GLP-1 agonists aren’t for everyone. But they’re a game-changer for certain people:
- Those with obesity (BMI ≥30) who’ve tried diet and exercise without lasting results
- People with type 2 diabetes who need better blood sugar control AND weight loss
- Those willing to commit to weekly injections and tolerate side effects
- People with insurance that covers the drug-or who can afford it out-of-pocket
For others, older drugs might still make sense. If you can’t handle injections, can’t afford the cost, or have a history of anxiety or heart issues, Qsymia or Contrave might be safer options. Orlistat could work if you’re okay with digestive side effects and just need a gentle nudge.
Surgery vs. Pills: The Long-Term View
When you look at long-term results, surgery still wins.
The same NYU study found that people who had bariatric surgery lost 24% of their body weight after two years. That’s more than double what most GLP-1 users achieve in a year. And the weight loss tends to stick.
That’s why experts like the American Society for Metabolic and Bariatric Surgery say surgery should still be considered the gold standard for severe obesity. But surgery isn’t for everyone. It’s invasive, requires lifelong dietary changes, and isn’t covered by all plans.
Many people now use GLP-1 drugs as a bridge-losing weight before surgery to reduce surgical risk. Others use them after surgery to maintain results if weight starts creeping back.
What’s Next? The Future of Weight Loss Drugs
The next wave is already here. Retatrutide, a triple agonist that targets GLP-1, GIP, and glucagon, showed up to 24.2% weight loss in early trials. MariTide, a new monoclonal antibody, is in Phase 3 testing and could offer similar results without injections.
By 2027, analysts predict GLP-1 drugs will make up 85% of the weight loss market. But if prices don’t drop and coverage doesn’t improve, they’ll remain out of reach for most Americans.
For now, the choice isn’t just about which drug is stronger-it’s about what you can live with, afford, and stick to.
Practical Tips If You’re Considering One
- Start low, go slow. Most side effects happen during dose escalation. Your doctor should increase your dose gradually over 4-5 months.

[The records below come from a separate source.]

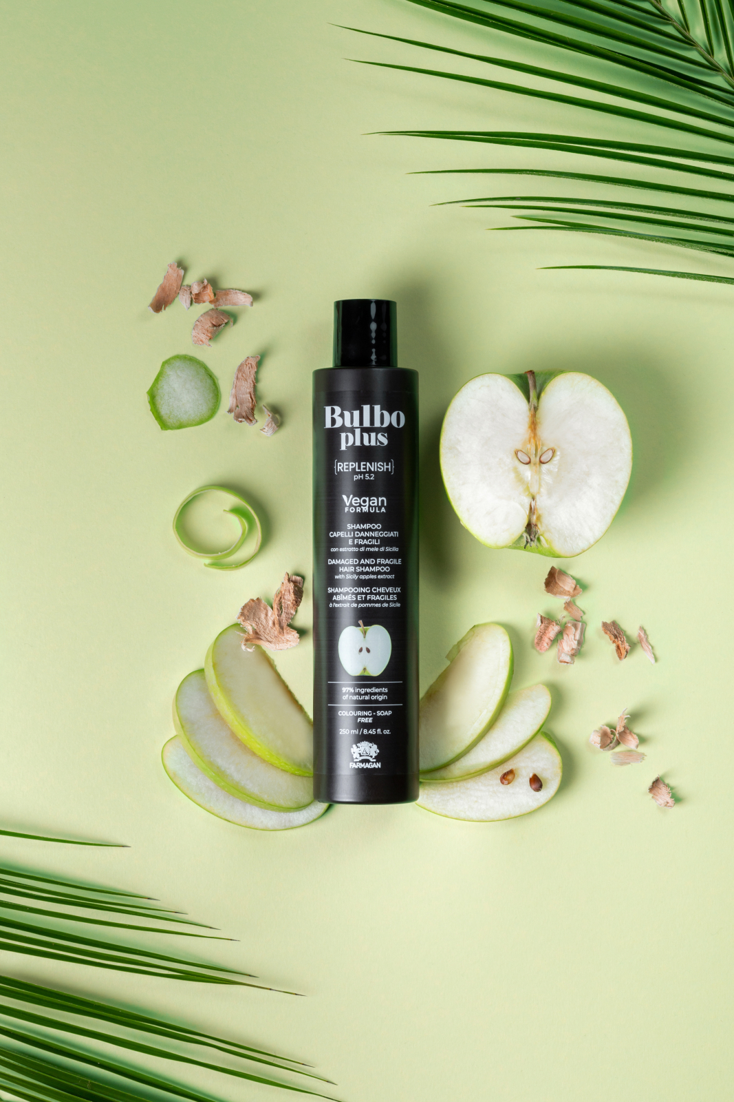 Șampon restructurant cu extract de mere din Sicilia, ideal pentru părul slăbit, delicat și fragil.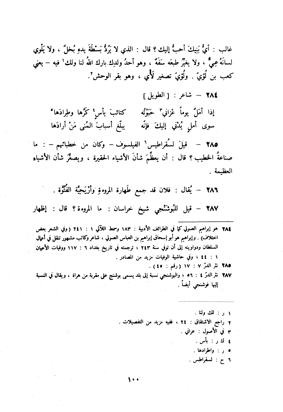 قيل للبوشنجي شيخ خراسان: ما المروءة؟ قال: إظهار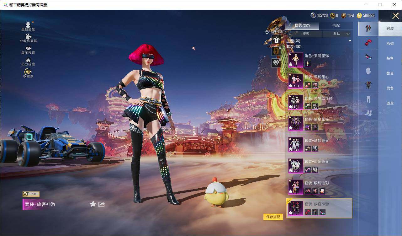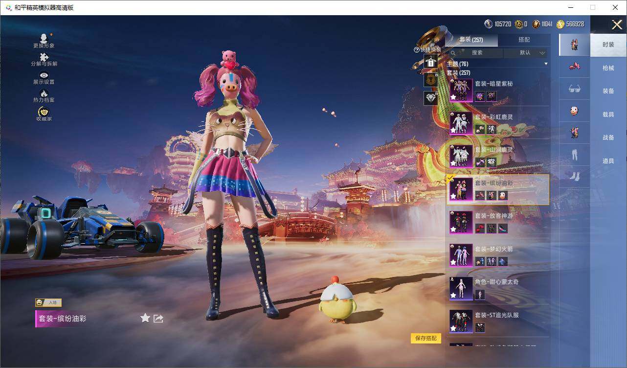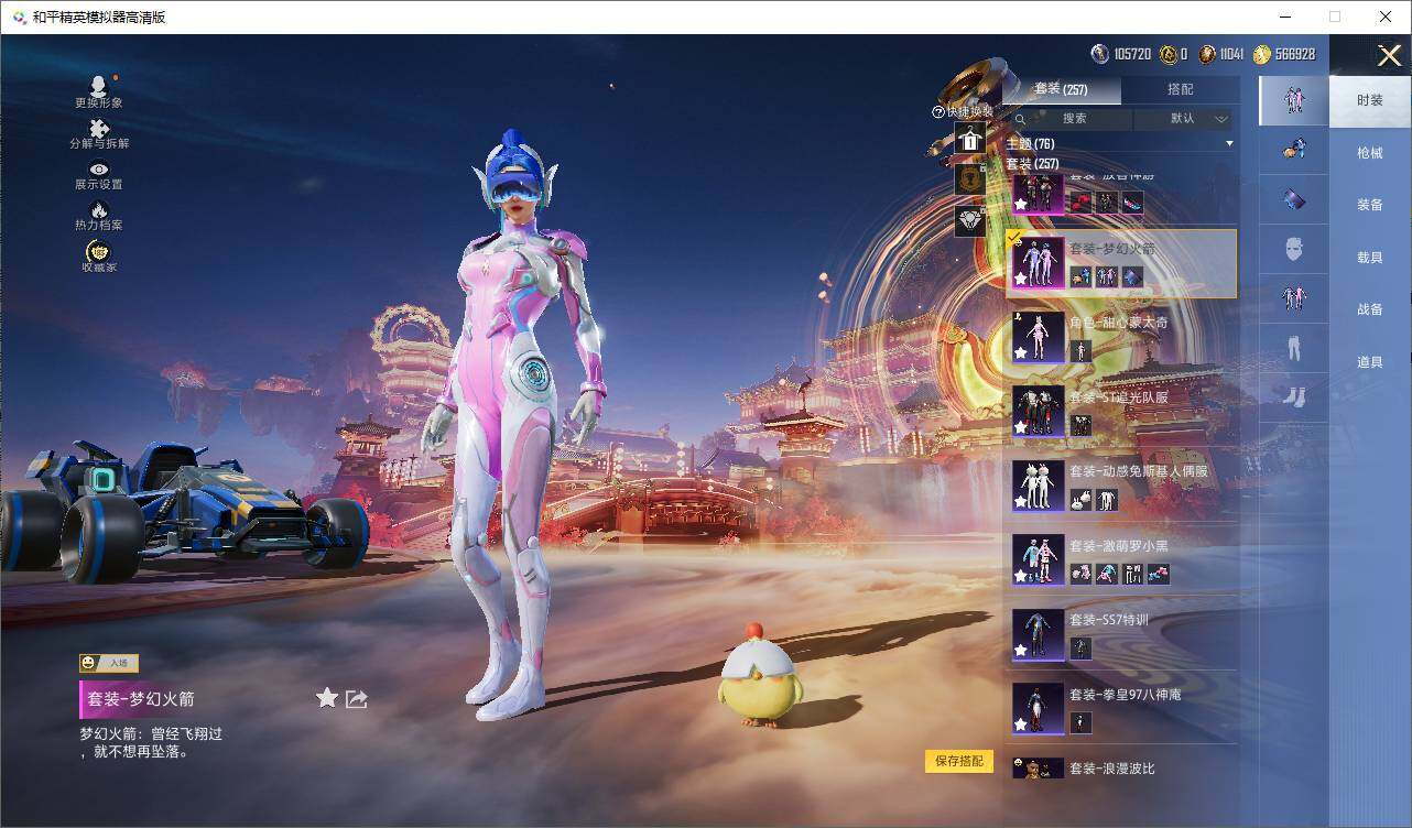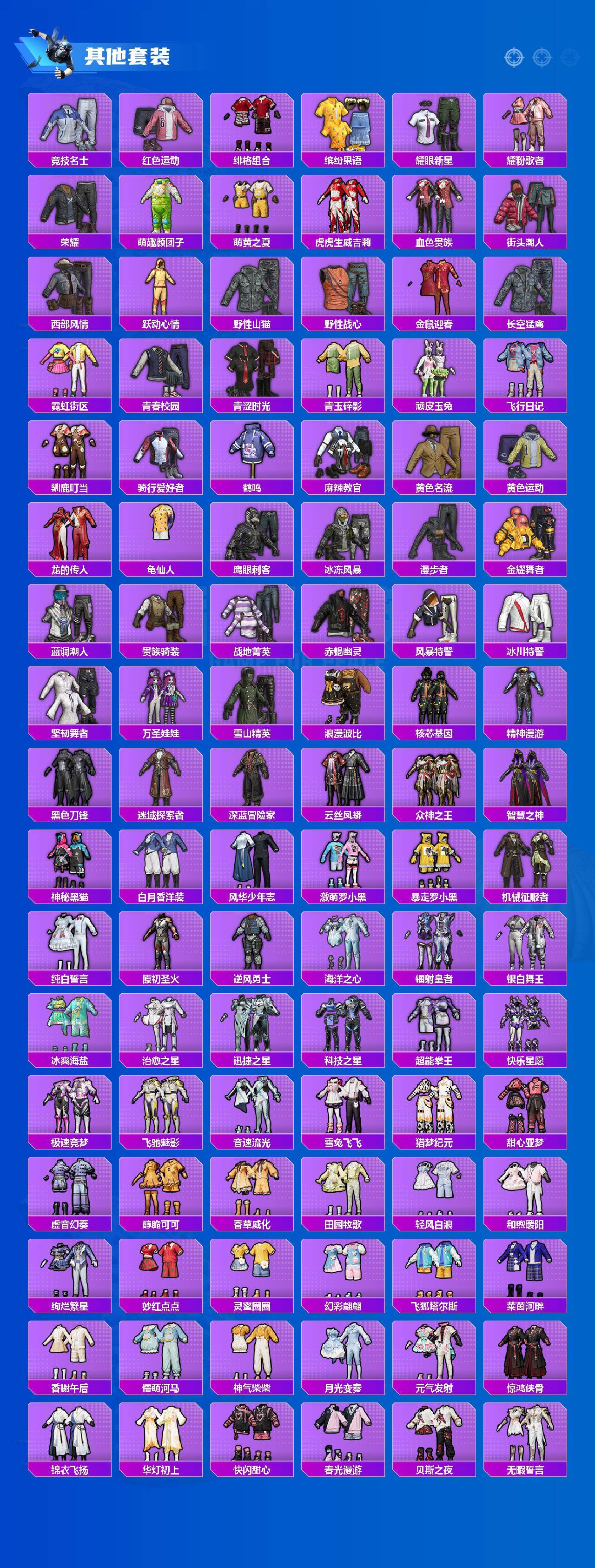 【粉色套装】:粉装-梦幻火箭,粉装-缤纷油彩,粉装-放客神游,粉装-彩虹鹿灵,粉装-山涧鹿灵,粉装-暗星紫秘,粉装-灵感创作师,粉装-飒粉甜心,角色-白勺歌姬,角色-呆萌星弥,角色-圣堂之誓,角色-守护天翼,粉装-幻影飞狐,粉装-极意拳锋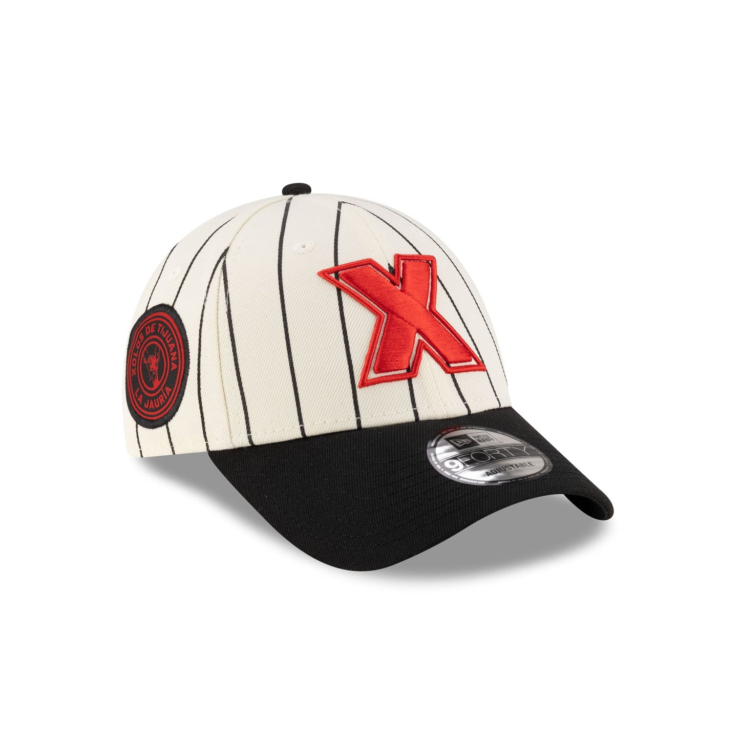 The Xolos Retro Pinstripe 9FORTY Snapback features an embroidered Xolos logo at the front panels with an alternate team logo patch at the right-wear side and an adjustable snapback closure at the rear.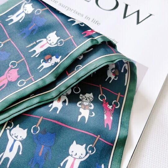 前で差し込むタイプの簡単なネコモチーフスカーフ可愛い 猫柄 遊び心いっぱいで、個性的なおしゃれを楽しめます洋服やバッグのアクセントに、ヘアアレンジにと、キュッと結ぶだけで気軽にアレンジ使いできる ボウスカーフ ハロウィン ブルー ma0119agr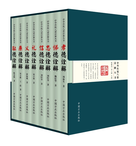 ????《中華傳統八德詮解叢書》由中國方正出版社出版,是一部以闡釋中華傳統八德——孝悌忠信禮儀廉恥為主要內容的通俗理論讀物,由著名學者、中國孔子研究院院長楊朝明擔綱主編。該書共70余萬字,分為《孝德詮解》《悌德詮解》《忠德詮解》《信德詮解》《禮德詮解》《義德詮解》《廉德詮解》《恥德詮解》8冊,分別闡釋每一德目的起源、涵義和本質。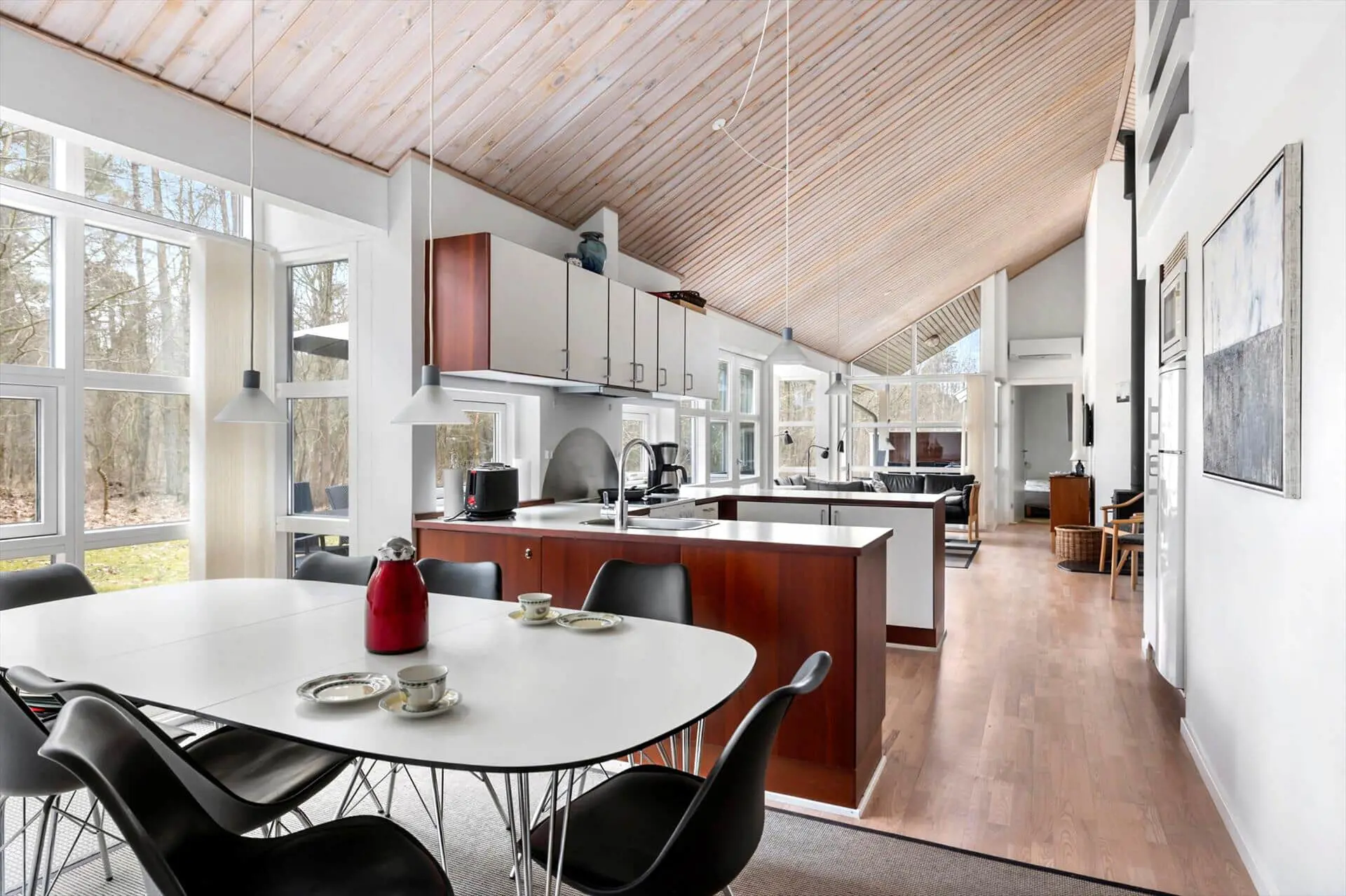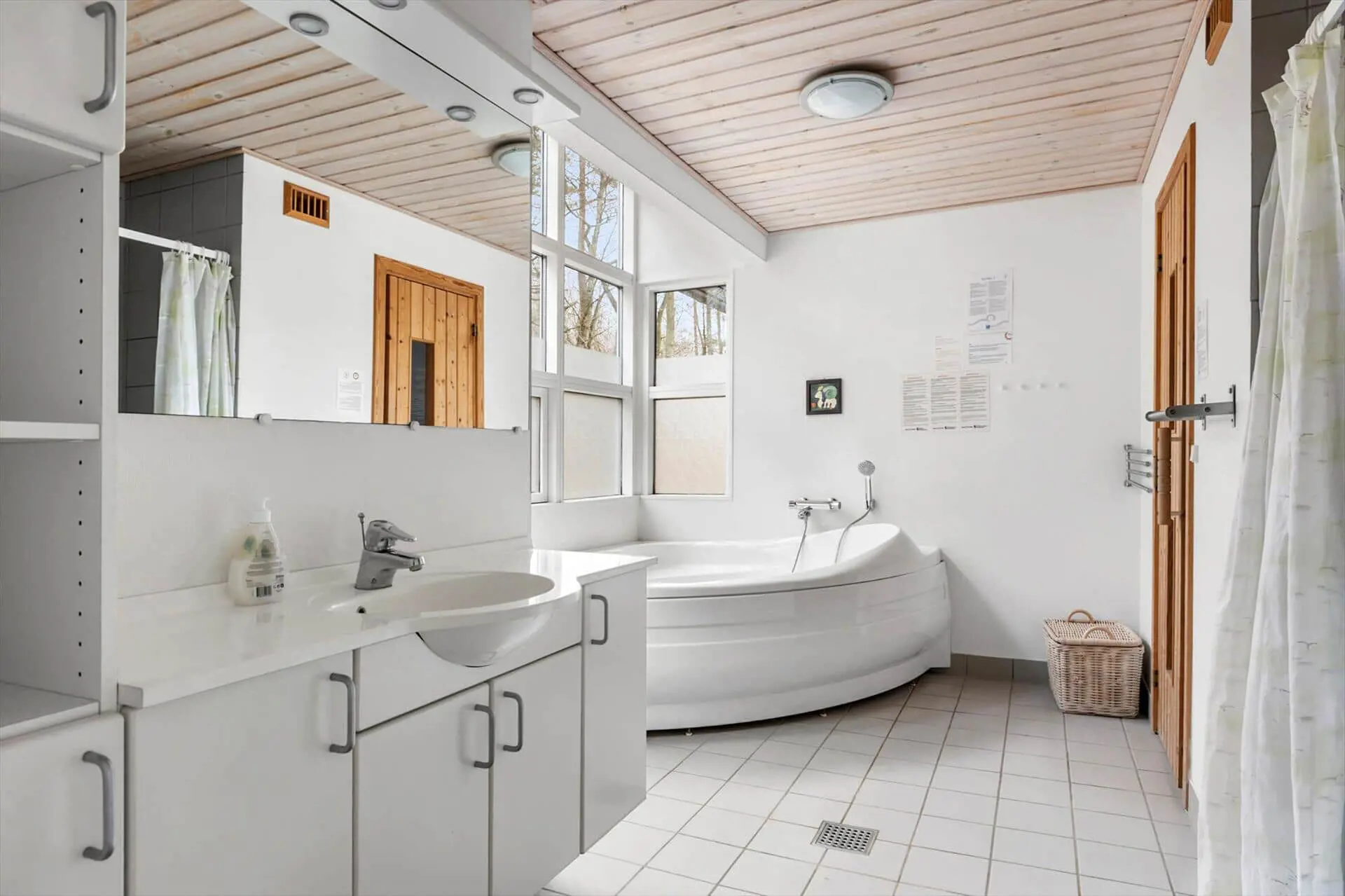 Freu dich auf erholsame Urlaubstage in diesem schönen Ferienhaus im Rubinvej in Hasle Lystskov, wo viel Platz für die ganze Familie oder mehrere Generationen ist, die gemeinsam Urlaub machen möchten. Hier wirst du von einem hellen und gemütlichen Wohnbereich empfangen, in dem der Kamin an kühleren Abenden schnell zum Mittelpunkt wird. Stell dir vor, wie sich das Flammenspiel im Raum widerspiegelt, während ihr es euch auf dem Sofa mit Gesellschaftsspielen, einem guten Film oder einfach mit entspanntem Beisammensein nach einem erlebnisreichen Tag auf Bornholm gemütlich macht. Der Wohnbereich ist offen mit der funktionalen Küche verbunden, sodass du das Abendessen zubereiten und trotzdem Teil der Gespräche am Esstisch sein kannst. Große Fenster lassen viel Licht herein und holen die Natur direkt ins Haus – so entsteht eine entspannte und einladende Urlaubsatmosphäre. Das Ferienhaus verfügt über vier gute Schlafzimmer sowie einen offenen Schlafboden, der bei Kindern garantiert für Begeisterung sorgt. Hier gibt es Raum für Gemeinschaft und zugleich Rückzugsmöglichkeiten, damit jeder zur Ruhe kommen kann. Die zwei Badezimmer machen den Alltag angenehm – auch wenn ihr mehrere Personen seid. Beide sind mit Fußbodenheizung ausgestattet, und eines verwöhnt dich zusätzlich mit Whirlpool und Sauna. Nach einem langen Tag am Strand oder einer Fahrradtour durch den Wald kannst du dich hier von wohltuender Wärme umhüllen lassen und einfach abschalten – echter Urlaub auf der Sonneninsel.
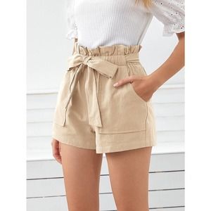 Boho Paperbag Belted Shorts high waist with pockets - olive green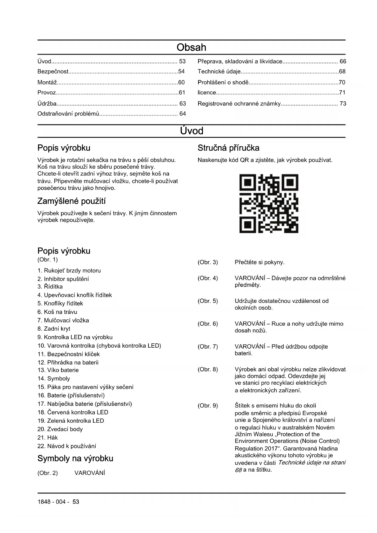 ana štítku. 1848 - 004 - 53(Obr. 10) Tento nástavec vyhovuje platným směrnicím ES. (Obr. 11) Tento výrobek vyhovuje platným předpisům Spojeného království. (Obr. 12) Výrobek je chráněn proti kapající vodě. (Obr. 13) Uvolněním rukojeti brzdy motoru zastavíte. (Obr. 14) Stlačením rukojeti brzdy motoru nastartujete pohon nožů. (Obr. 15) Skenovatelný kód. (Obr. 18) Otočením zamknete nebo odemknete. Povšimněte si: Další symboly/štítky na výrobku se týkají certifikačních požadavků pro určité obchodní trhy. Symboly na baterii nebo na nabíječce baterií (Obr. 19) Odevzdejte výrobek ve stanici pro recykla- ci elektrických aelek- tronických zařízení. (Platí pouze pro Evro- pu) (Obr. 20) Baterii používejte po- uze ve výrobcích od partnerů systému POWER FOR ALL. (Obr. 21) Chraňte baterii před teplem, např. před nepřetržitým intenzivním sluneč- ním světlem, ohněm, nečistotami, vodou avlhkostí. Hrozí nebezpečí výbuchu azkratu. (Obr. 22) (Obr. 16) Nabíječku baterií používejte askladujte pouze ve vnitřních prostorech. (Obr. 17) Dvojitá izolace. Štítek na výrobku (Obr. 23) NEBEZPEČÍ– Udržujte ruce anohy zdosahu. Odpovědnost za výrobek Jak uvádí zákon o odpovědnosti za výrobek, neneseme odpovědnost za žádnou škodu způsobenou našim výrobkem, pokud: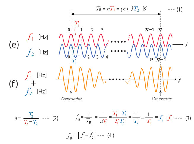 ここでf1<f2、つまり波2の方が高い音であるとする。それぞれの音波の周期はT1=1/f1、T2=1/f2である。両方の波が強め合って(constructive)から次に強め合うまでの波1の山の数を

- Use anti-nausea meds like ondansetron temporarily if needed. Many patients find relief.
- Work with a specialty pharmacy-they handle prior authorizations better than regular pharmacies.
- Check manufacturer assistance programs. Novo Nordisk (Wegovy) and Eli Lilly (Zepbound) offer coupons and patient support.
- Track your progress. Weight loss isn’t linear. Some weeks you’ll lose more, some weeks you’ll plateau. That’s normal.
- Don’t expect miracles. These drugs work best with diet and movement. They’re tools, not magic.
There’s no single best drug. The best one is the one you can take consistently-and afford.